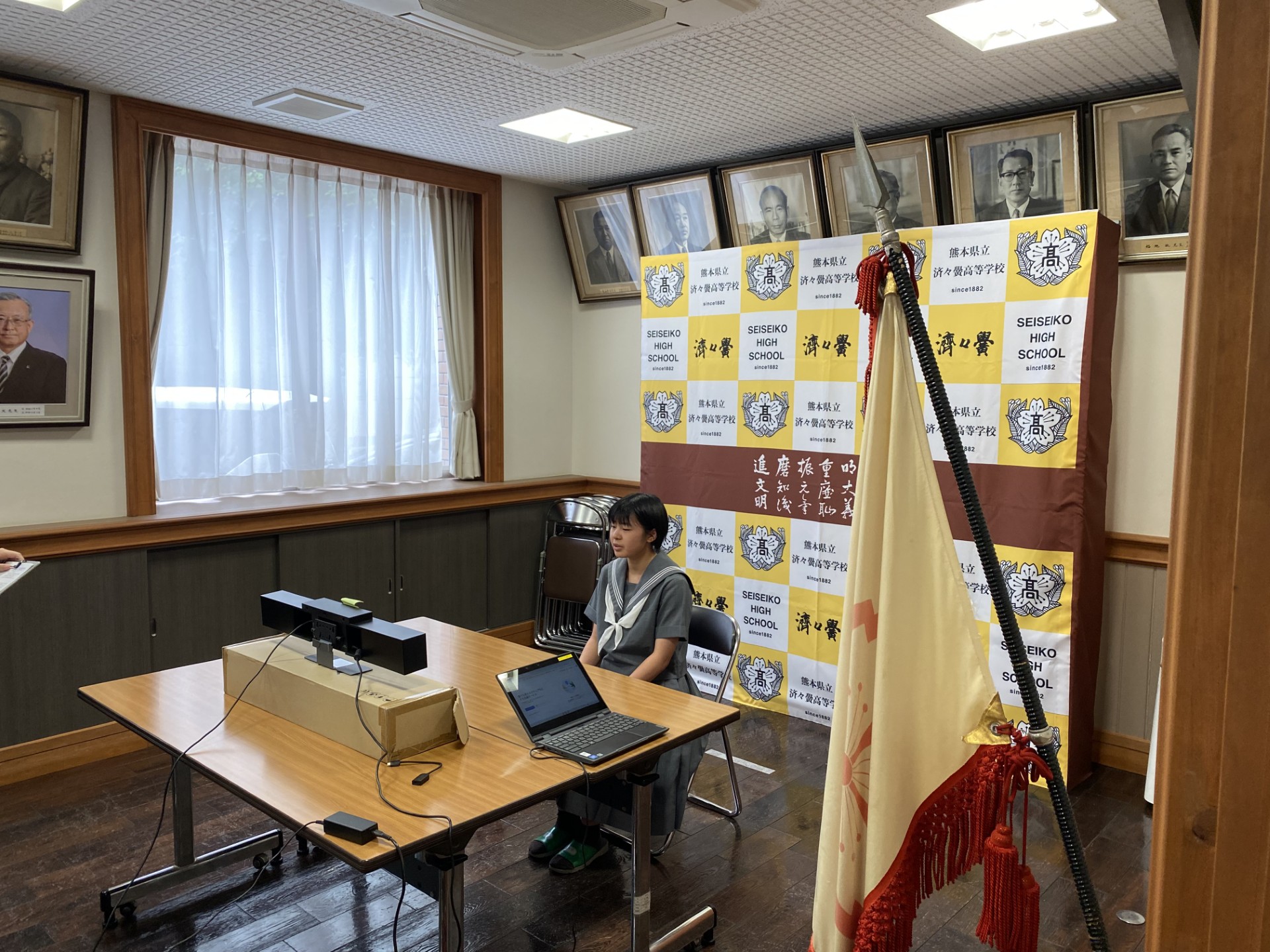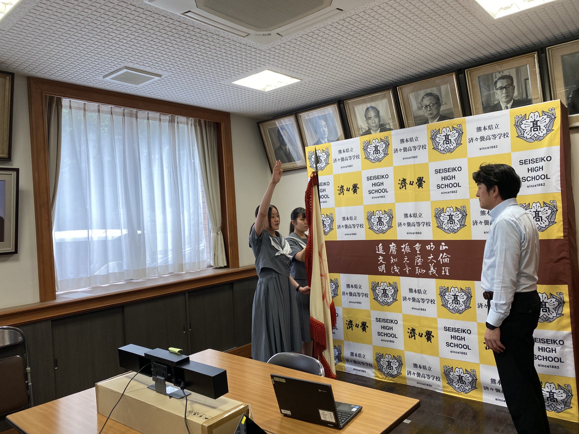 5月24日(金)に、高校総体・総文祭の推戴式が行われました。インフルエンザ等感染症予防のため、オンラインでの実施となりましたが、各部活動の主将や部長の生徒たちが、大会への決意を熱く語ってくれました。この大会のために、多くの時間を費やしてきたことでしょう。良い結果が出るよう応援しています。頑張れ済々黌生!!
--*--
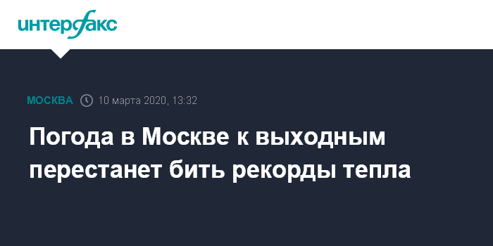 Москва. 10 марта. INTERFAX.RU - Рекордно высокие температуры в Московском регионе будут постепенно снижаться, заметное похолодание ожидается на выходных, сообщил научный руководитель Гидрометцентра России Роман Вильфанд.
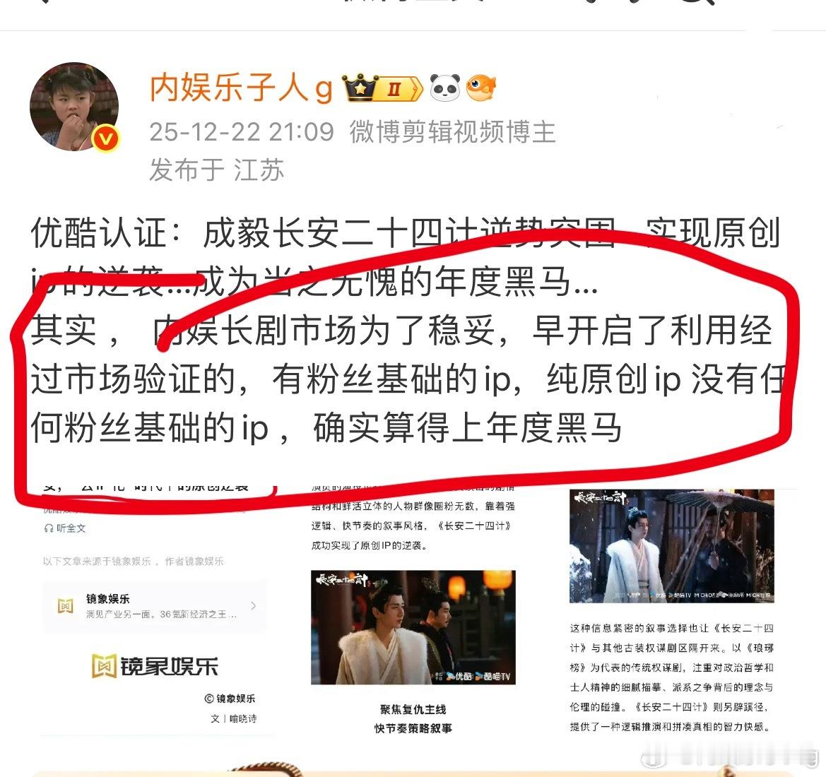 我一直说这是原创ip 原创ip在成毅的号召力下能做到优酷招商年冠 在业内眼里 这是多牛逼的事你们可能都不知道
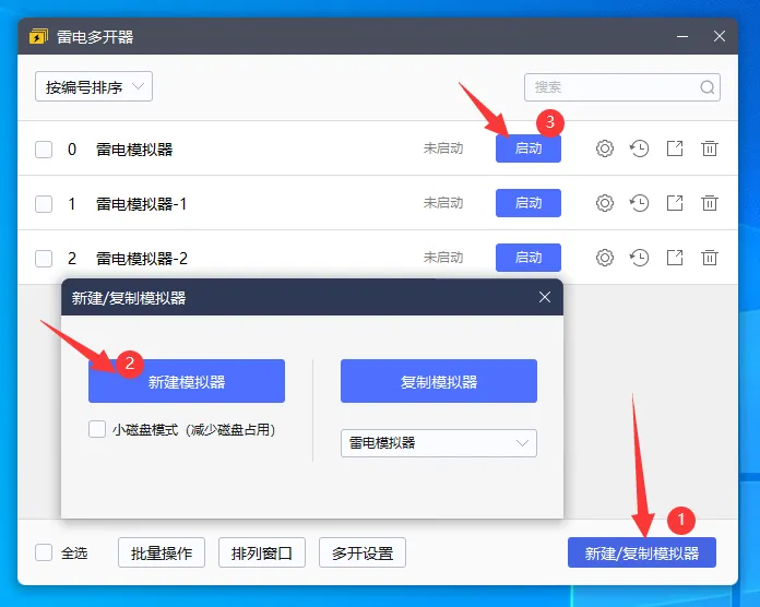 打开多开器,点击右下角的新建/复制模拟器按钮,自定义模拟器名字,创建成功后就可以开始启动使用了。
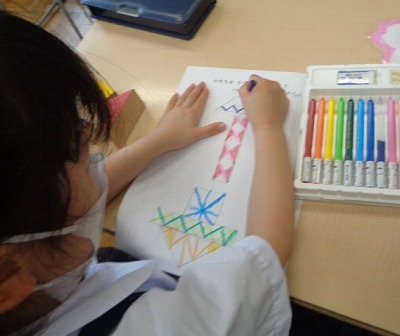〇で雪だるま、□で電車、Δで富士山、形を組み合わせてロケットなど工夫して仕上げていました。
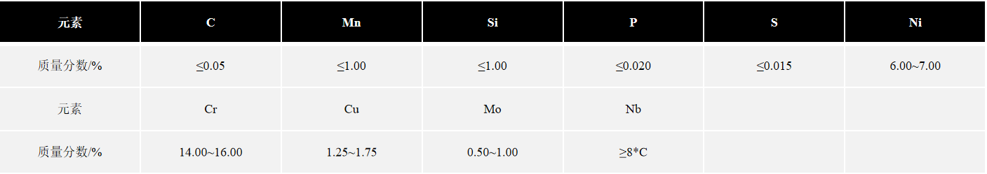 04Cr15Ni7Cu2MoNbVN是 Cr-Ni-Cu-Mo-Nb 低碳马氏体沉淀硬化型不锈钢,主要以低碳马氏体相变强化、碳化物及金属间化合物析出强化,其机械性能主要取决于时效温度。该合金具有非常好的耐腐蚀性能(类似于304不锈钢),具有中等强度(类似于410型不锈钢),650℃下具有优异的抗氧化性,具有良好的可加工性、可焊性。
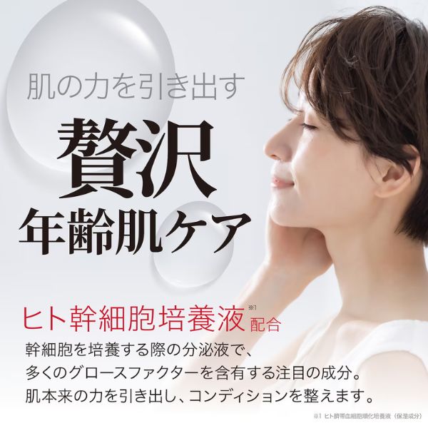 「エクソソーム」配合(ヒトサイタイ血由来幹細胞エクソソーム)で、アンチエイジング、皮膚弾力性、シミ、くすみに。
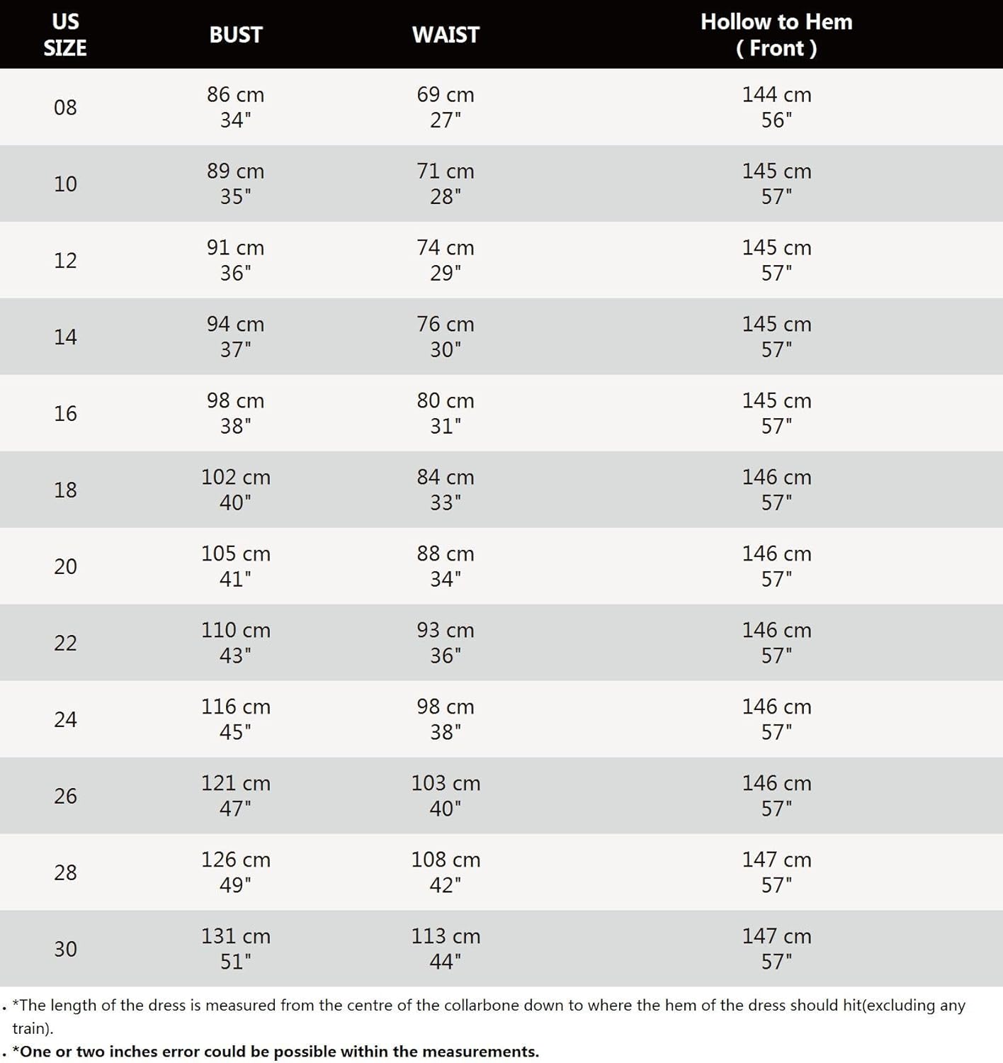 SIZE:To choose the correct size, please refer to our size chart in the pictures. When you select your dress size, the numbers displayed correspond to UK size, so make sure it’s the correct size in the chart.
--*--
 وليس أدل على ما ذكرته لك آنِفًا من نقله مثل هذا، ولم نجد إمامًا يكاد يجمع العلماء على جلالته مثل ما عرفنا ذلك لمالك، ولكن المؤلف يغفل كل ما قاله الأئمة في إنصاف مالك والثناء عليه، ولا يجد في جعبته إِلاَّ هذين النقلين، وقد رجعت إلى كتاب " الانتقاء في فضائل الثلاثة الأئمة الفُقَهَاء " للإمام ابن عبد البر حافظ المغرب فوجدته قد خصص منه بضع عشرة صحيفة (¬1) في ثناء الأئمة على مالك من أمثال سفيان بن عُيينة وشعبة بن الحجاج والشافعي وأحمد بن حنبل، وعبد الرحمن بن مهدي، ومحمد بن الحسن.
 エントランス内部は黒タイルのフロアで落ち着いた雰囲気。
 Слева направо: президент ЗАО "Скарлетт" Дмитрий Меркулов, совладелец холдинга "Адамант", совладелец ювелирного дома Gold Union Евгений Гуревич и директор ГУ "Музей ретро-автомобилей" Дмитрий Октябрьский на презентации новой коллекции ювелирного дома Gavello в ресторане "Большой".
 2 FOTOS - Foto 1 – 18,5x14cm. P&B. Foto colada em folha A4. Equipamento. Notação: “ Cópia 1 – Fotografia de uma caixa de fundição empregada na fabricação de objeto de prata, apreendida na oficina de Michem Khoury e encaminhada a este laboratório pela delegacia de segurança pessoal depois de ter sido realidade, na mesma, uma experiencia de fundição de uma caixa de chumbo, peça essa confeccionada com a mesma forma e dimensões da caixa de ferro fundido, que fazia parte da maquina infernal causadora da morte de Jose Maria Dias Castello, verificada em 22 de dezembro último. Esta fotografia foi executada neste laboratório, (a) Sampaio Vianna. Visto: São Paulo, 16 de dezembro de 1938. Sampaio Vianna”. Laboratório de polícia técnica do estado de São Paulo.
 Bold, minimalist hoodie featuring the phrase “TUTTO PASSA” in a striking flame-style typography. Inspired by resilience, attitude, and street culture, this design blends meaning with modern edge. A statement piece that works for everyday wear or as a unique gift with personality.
--*--
Retype the lines above exactly as they appear, from the line containing "我一直说这是原创ip 原创ip在成毅的号召力下能做到优酷招商年冠 在业内眼里" through the line containing "SIZE:To choose the", and leave out any pictures.

_ANSWER BOX_.
 我一直说这是原创ip 原创ip在成毅的号召力下能做到优酷招商年冠 在业内眼里 这是多牛逼的事你们可能都不知道
 打开多开器,点击右下角的新建/复制模拟器按钮,自定义模拟器名字,创建成功后就可以开始启动使用了。
〇で雪だるま、□で電車、Δで富士山、形を組み合わせてロケットなど工夫して仕上げていました。
 04Cr15Ni7Cu2MoNbVN是 Cr-Ni-Cu-Mo-Nb 低碳马氏体沉淀硬化型不锈钢,主要以低碳马氏体相变强化、碳化物及金属间化合物析出强化,其机械性能主要取决于时效温度。该合金具有非常好的耐腐蚀性能(类似于304不锈钢),具有中等强度(类似于410型不锈钢),650℃下具有优异的抗氧化性,具有良好的可加工性、可焊性。
 「エクソソーム」配合(ヒトサイタイ血由来幹細胞エクソソーム)で、アンチエイジング、皮膚弾力性、シミ、くすみに。
 SIZE:To choose the correct size, please refer to our size chart in the pictures. When you select your dress size, the numbers displayed correspond to UK size, so make sure it’s the correct size in the chart.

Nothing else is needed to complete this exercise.